安史の乱が起こると、挙兵した粛宗に招かれて馳せ参じた。無位無官の身でありながら粛宗から天子の賓客として遇され、宰相に任じられようとしたが固辞した。そこで粛宗から紫袍を賜ると、皇帝直属の軍師に任命されて、遂にこれを受けた。
粛宗の側にあってたびたび的確な進言をして功を立てたが、粛宗が郭子儀らに東西両京(長安・洛陽)の奪回を命じた際に、先に范陽(賊軍の本拠地)を攻めるよう献策するも、聞き入れられなかった。結果、東西両京の奪回が遅れて、賊の一挙討滅ができなかった。

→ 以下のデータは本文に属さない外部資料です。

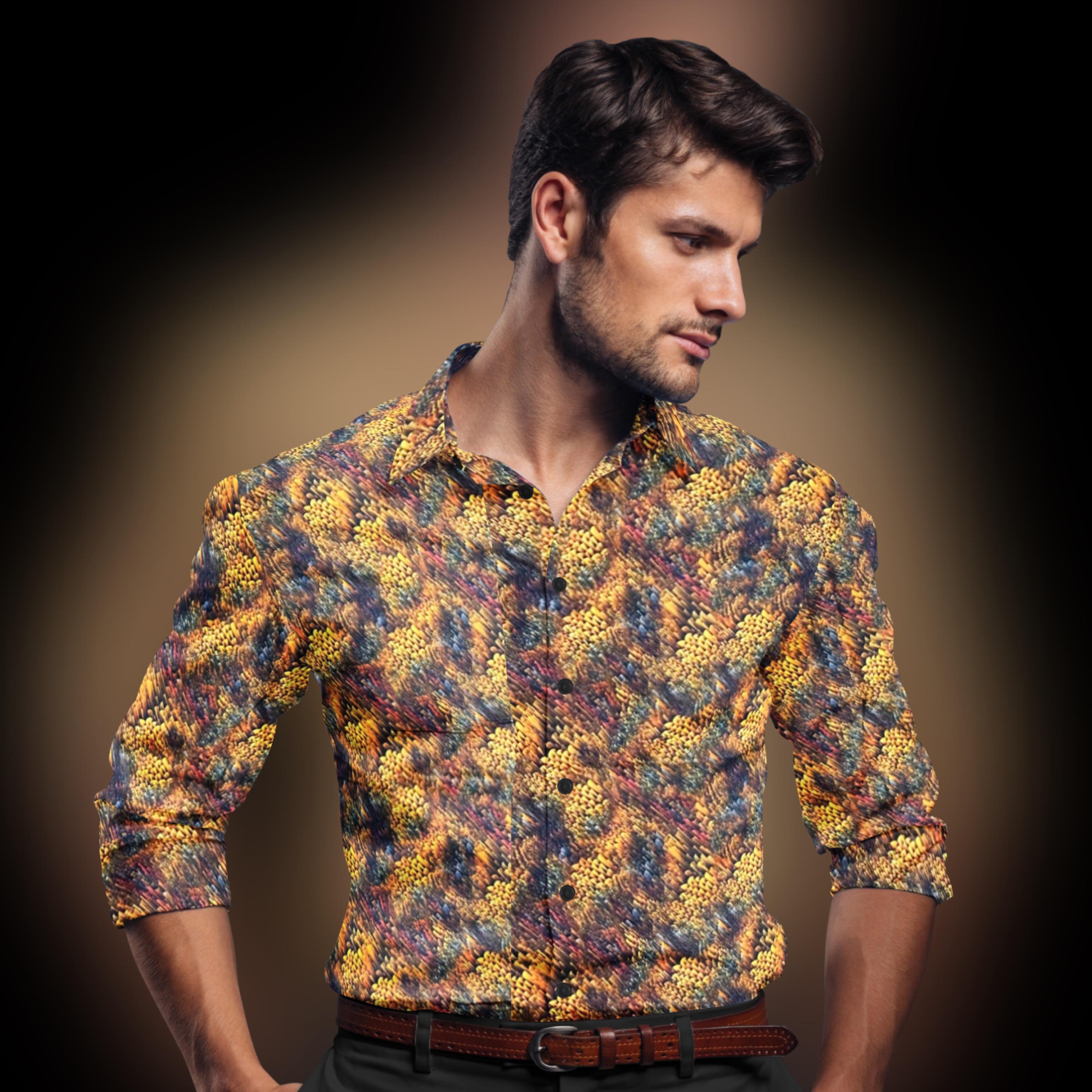 PANNAMA 100% COTTON DIGITAL PRINT SHIRT & KURTA UNSTITCHED FABRIC (MUSTARD)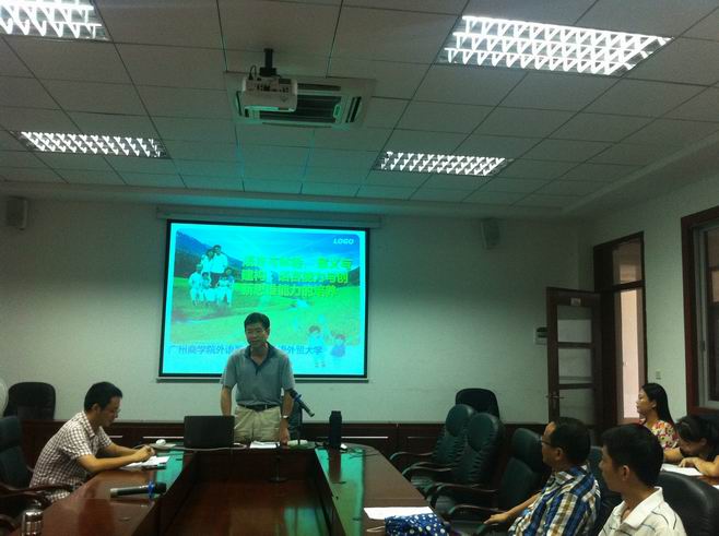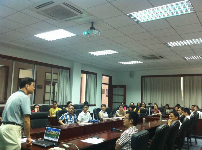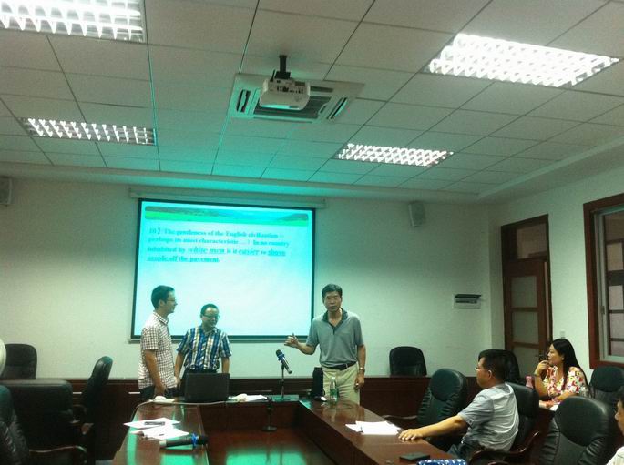 曾利沙教授为大家讲解了自己所进行的研究:体验——建构融通式笔译教学法。他从2004年起即对此教学法进行研究,迄今已积累了丰富的教学与科研经验。他用大量生动的实例语料为各位教师们讲解了体验式教学法的教学特点及其翻译课程中的应用。曾教授列举了“介词的情景化体验性”、“量词的义素特征和情景化体验性”等应用解析,并邀请老师现场演绎所讲解的场景。曾教授生动的讲解、清晰的理论、新颖的视角使在座的各位教师深受启发,回味无穷。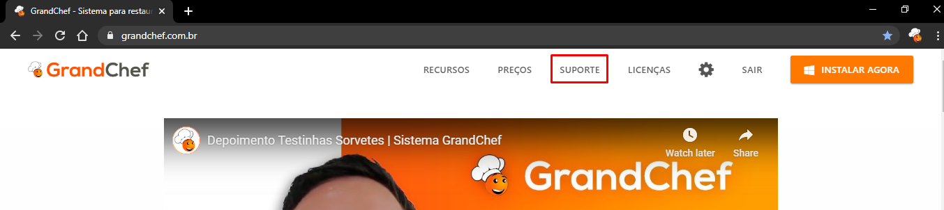 Você pode acessar através do site do GrandChef clicando na aba de “SUPORTE”.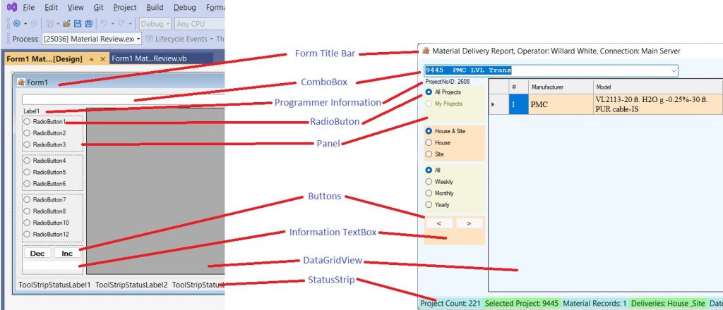 Detail 1 is a Designer view and a running of the Material Delivery Report. The focus here will be the operation of the RadioButton and how they function when grouped in a Panel. Note that a GroupBox is an option also and differs from a Panel as a GroupBox has a title and a visible outline when the program is running. Correspondently, the interior of both can be backcolored.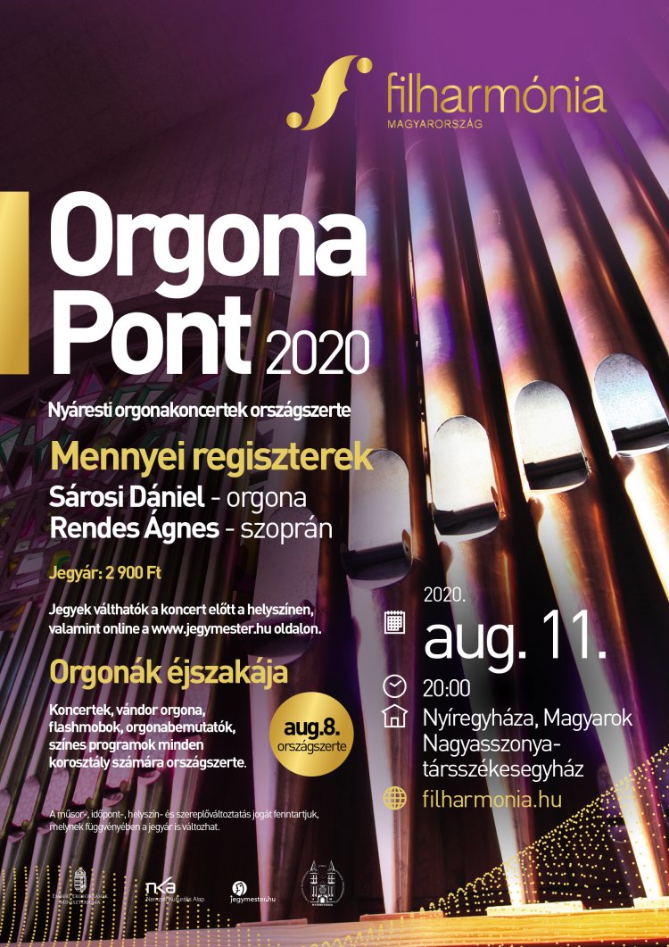 A Filharmónia Magyarország 2019-ben, hagyományteremtő szándékkal hívta életre az Orgonák éjszakája névre keresztelt rendezvényét, mely új megvilágításba helyezte az orgonát. Idén augusztus 8-án újra megtelnek a templomok, a terek, különleges helyszínek a hangszerek királynőjének csodálatos hangjával. Nyíregyházán este 9 órától a Magyarok Nagyasszonya-társszékesegyházban Elek Péter orgonál. Augusztus 11-én 20 órától pedig, szintén a Magyarok Nagyasszonya-társszékesegyházban, Mennyei regiszterek címmel Sárosi Dániel orgonajátékát élvezheti a közönség. Közreműködik: Rendes Ágnes - szoprán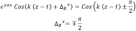 Si por el contrario fijamos i igual a y, y por tanto k igual a x, llegamos a que el desfase en x del campo magnético tiene que ser opuesto al desfase en x del campo eléctrico. Ojo con el signo menos que aparecería por el Levi-Civita: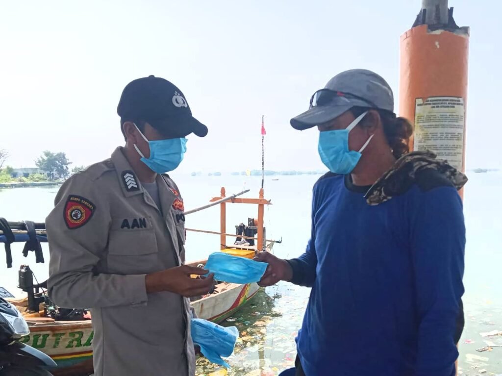 Masker dibagikan secara door to door kepada warga yang sedang berada di Dermaga Keberangkatan menuju Pulau Seribu oleh Polres sedangkan Polsek jajaran membagikan di pulau pulau permukiman diwilayahnya.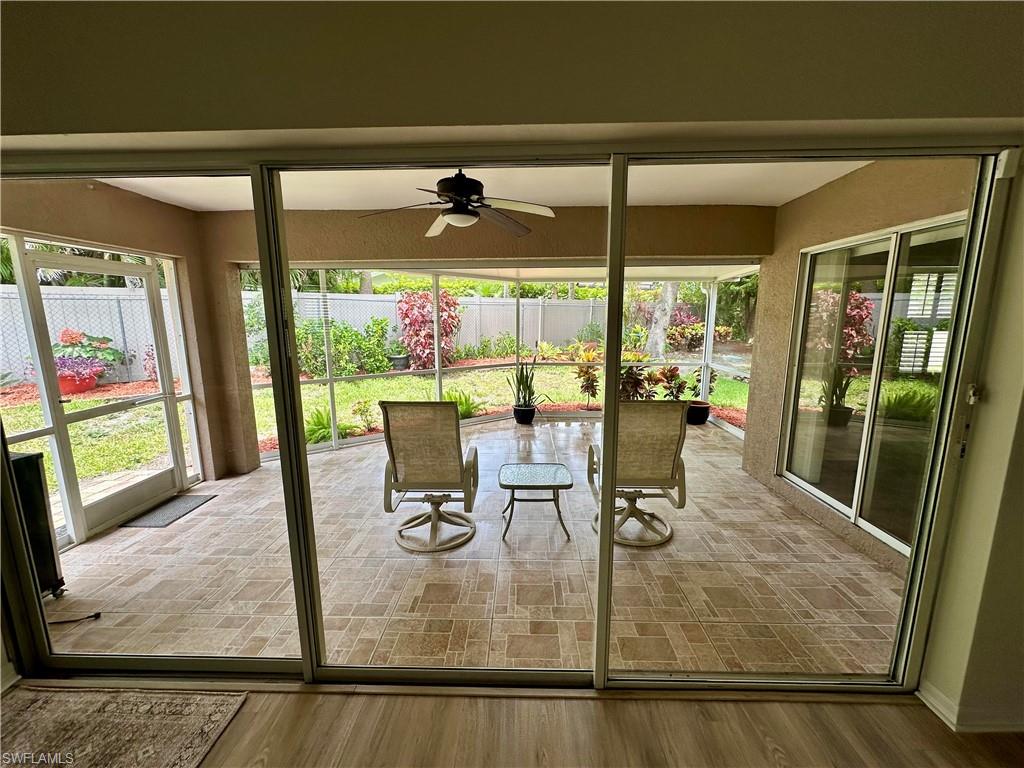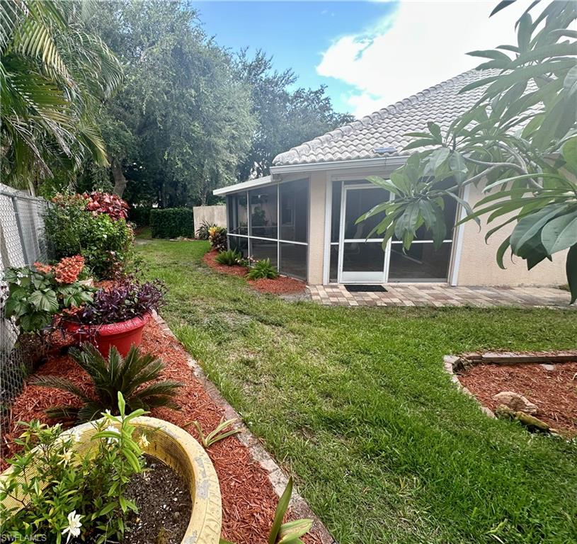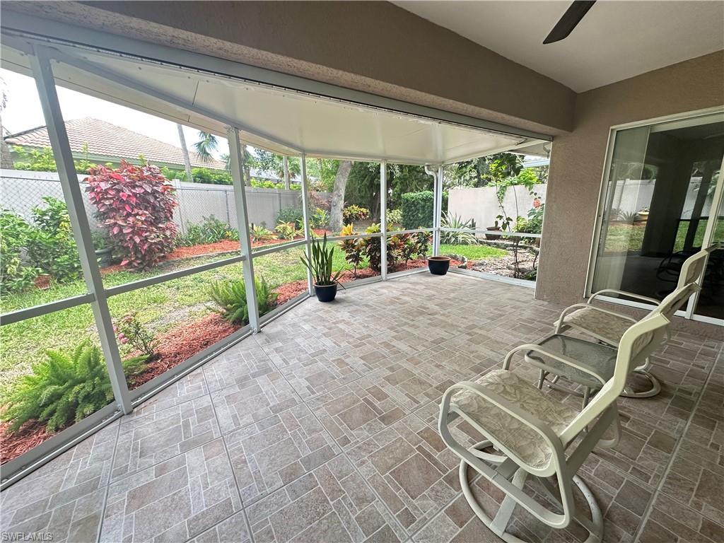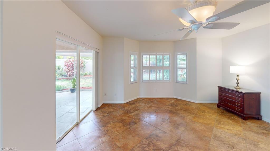 This 3 bedroom, 2 bath attached villa with 2-car garage is ready for a new owner! Enjoy a peaceful and private back yard, tucked in to the corner of the community with a long brick paver driveway. This home has been maintained beautifully! The tile roof was replaced in 2019, HVAC system replaced in 2021, water heater replaced 2024, and the entire house has Storm Smart hurricane screens and plantation shutters throughout. Located in Flood Zone X, flood insurance is NOT required! The huge extended lanai is completely covered, creating a wonderful outdoor space that keeps your furniture dry! The master bathroom has been beautifully redesigned and updated with a walk-in shower featuring gorgeous tile work and no need for a glass enclosure! Bay windows and vaulted ceilings in the great room create a vast, open concept. A beautiful built-in Murphy bed in the guest bedroom is included, and all of the flooring is either laminate or tile...no carpet! World Tennis Club is a gated community centrally located in North Naples and features 2 community pools, poolside cafe'/bar, 14 tennis courts and 4 pickleball courts with fully staffed pro shop, bocce, basketball play area, saunas and a wonderful social calendar of events.

李泌は任官を望んでいなかったため、東西両京の回復がなされると暇乞いをした。粛宗の許しがなかなか得られなかったが、決心が固かったために遂に許され、再び野に下った。
代宗の治世になると再び召し出され、さらに徳宗の治世では宰相となった。その頃、吐蕃との関係が不穏となると、ウイグルとの同盟を進言して自ら交渉に当たってこれを成功させ、窮地を脱する大功を立てた。
享年六十八。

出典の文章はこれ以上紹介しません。